Selam dostlar Hüznü Siyah'ı özlediğinizi düşündüm. Yazmaya devam ettiğim bölümlerden birinden ufak bir bölüm paylaşmak istedim sizlerle. Sevgiyle kalın:)
Bir kadın gitmezdi kolay kolay. Bitmezdi ki yüreğindeki yangın neden gitsin? Neden böyle olmuştu? Neydi içine sağanak yağmurlar yağdırıp, seline katıp götüren Hüzün'ü kimse bilmiyordu.
Küçücük bir kasaba, ayaklarındaki plastik terliklerle etrafta koşturan yüzü gözü kir içindeki çocuklar. Köylerine gelen bu yabancıya önce merakla baktılar. Ne güzel bir kadındı, pamuk gibi teni, onlarınkine benzemeyen, parlayan saçları televizyondaki artistlere benziyordu.

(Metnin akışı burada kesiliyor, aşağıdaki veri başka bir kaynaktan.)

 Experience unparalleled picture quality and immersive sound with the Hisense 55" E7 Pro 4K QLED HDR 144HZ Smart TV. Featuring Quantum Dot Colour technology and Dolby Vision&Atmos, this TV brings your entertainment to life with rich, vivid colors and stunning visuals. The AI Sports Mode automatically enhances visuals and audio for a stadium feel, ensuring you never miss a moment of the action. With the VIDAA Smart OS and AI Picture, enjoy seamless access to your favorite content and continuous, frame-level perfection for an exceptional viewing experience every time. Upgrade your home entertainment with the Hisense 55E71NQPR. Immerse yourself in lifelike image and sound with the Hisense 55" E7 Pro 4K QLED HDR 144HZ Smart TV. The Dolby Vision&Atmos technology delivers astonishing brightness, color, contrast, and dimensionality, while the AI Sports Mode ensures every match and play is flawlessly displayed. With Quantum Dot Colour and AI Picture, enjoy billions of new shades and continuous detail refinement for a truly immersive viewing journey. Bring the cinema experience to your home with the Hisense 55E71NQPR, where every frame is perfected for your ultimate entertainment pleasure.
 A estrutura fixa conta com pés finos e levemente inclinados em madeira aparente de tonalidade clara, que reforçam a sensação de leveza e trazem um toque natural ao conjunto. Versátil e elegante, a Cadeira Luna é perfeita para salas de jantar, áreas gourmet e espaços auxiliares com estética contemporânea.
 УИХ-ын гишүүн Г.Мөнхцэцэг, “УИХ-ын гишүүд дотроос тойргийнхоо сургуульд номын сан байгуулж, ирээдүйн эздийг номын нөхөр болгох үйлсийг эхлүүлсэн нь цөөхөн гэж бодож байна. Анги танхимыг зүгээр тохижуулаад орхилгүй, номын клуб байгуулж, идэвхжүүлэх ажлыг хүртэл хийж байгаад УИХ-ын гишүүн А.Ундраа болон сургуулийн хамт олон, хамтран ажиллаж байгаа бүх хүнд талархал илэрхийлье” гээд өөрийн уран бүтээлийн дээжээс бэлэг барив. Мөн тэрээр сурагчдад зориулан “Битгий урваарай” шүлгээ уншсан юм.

Köy muhtarı önde, Hüzün küçücük valiziyle arkada ilerliyordu. Asma yapraklarının altında cigaralarını tüttüren köyün adamları önce meraklı gözlerle süzmüş, sonrada muhtara seslenmişlerdi. Muhtar el hareketiyle sonra der gibi bir şeyler yapıp yoluna devam etti.

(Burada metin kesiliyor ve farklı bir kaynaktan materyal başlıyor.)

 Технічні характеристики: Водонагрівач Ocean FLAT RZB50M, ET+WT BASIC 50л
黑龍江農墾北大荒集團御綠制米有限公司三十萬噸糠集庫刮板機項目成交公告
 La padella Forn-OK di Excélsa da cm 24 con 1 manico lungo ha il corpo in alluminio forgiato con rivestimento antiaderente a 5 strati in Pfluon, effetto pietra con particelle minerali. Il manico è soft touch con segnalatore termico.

Köyün hafif dışında kalan eski püskü tek katlı binayı okul yapan tek şey önünde duran Atatürk büstü ve başında dalgalanan şanlı bayrağıydı.
"Senden başka bir öğretmenimiz daha var burada. Senden eyi olmasın çok sever sayarlar onu buralarda. Okulu da bu hale o koydu yoksa kafamıza yıkılacaktı" dedi yorulmuş zor nefes alan göbekli köy muhtarı. Okulun karşı tarafında duran iki tane eski evi işaret etti.
"Ahanda burası köy lojmanı, işini görürse. Eski durduğuna bakma bizim kadınlar bir el vurur oturacak hale getirirler onu" diye de yüreklendirdi Hüzün'ü.
"Benim için sıkıntı yok muhtar bey benim elimden de gelir. Yavaş yavaş düzenlerim burayı." Dedi Hüzün yeni hayaller kuracağı eski eve bakarken.
Onlar kapıda konuşurken sesleri duyan öğretmen aynı zamanda okulun müdürü Ali çıktı tahta kapıdan.
"Hoş gelmişsin muhtarım hayırdır" diye sordu.
Hüzün Ali'yle göz göze geldi. Bu kadar genç birini beklemiyordu. 28 / 30 yaşlarında öğretmenliğe burada başlamış ve burayı kendine bir yuva edinmiş emektar bir öğretmendi Ali. Uzun boyu, zeytin gibi küçük gözleri, güldüğünde ortaya çıkan gamzeleriyle pek canlar yakardı.
Hüzün kendi kendine konuşup Ali öğretmeni süzerken çoktan yanlarına gelmişti bile.
"Bu yeni örtmenimiz Ali beyim" dedi muhtar.
Ali'nin gözleri ışıldamıştı. Bu herkesin unuttuğu yerde yeni bir öğretmen görme hayalini uzun zaman önce bırakmıştı.
"Hoş gelmişsiniz. Buyurun lütfen bir çay ikram edeyim sizlere " dedi Ali öğretmen.
Muhtar da yol yorgunu olan Hüzün de buna itiraz etmediler. Küçük ama sevimli bir evdi burası. Oturduğu odada bir televizyon iki tane divan ve bir sürü kitabın olduğu el yapımı bir kitaplık duruyordu. Camın kenarında da ufacık tahta bir masa.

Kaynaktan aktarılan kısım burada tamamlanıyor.